Библейские бунтари

Статья написана в середине 2008 г. и посвящена теме бунтарства против общепринятых религиозных стереотипов некоторых библейских героев.

Бунт как протест против несправедливости и зла, царящих на земле, или против простоты стереотипных ответов религии на сложные философские вопросы отнюдь не чужд Библии. Наиболее яркими примерами являются пророки, обличавшие царей и народ в грехах и призывавшие встать на путь добра и справедливости.

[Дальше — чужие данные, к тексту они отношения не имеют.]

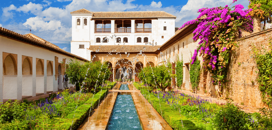 4ème jour : Route vers Grenade pour la visite guidée de l’incroyable citadelle de l’Alhambra (sous réserve de disponibilités), paradis terrestre où régnèrent les rois maures de la dynastie Nasride. Transfert vers les contreforts de Sierra Nevada pour le déjeuner-paëlla où on domine la plaine de Grenade. Promenade dans l’Albayzin. Cet ancien quartier maure aux ruelles blanches et petites placettes offre d’innombrables points de vue sur la citadelle de l’Alhambra et la Sierra Nevada. Temps libre dans l’ancien souk, le quartier de l’Alcaicería. Retour à l’hôtel pour dîner et nuit.

Откровение, которое несут пророки, заключается в следующей истине: Бог даёт людям религию, чтобы они жили праведно, в нравственных заповедях заключена вся суть религии, и когда люди вместо этого заменяют добро и справедливость соблюдением обрядов и традиций, эта религия оказывается лишённой своего смысла.

«К чему Мне множество жертв ваших? — говорит Господь, — Я пресыщен всесожжениями… крови тельцов и агнцев и козлов не хочу… Не носите больше даров тщетных: курение отвратительно для Меня; новомесячий и суббот, праздничных собраний не могу терпеть… Омойтесь, очиститесь; удалите злые деяния ваши от очей Моих; перестаньте делать зло; научитесь делать добро, ищите правды, спасайте угнетённого, защищайте сироту, вступайтесь за вдову» (Книга Исайи).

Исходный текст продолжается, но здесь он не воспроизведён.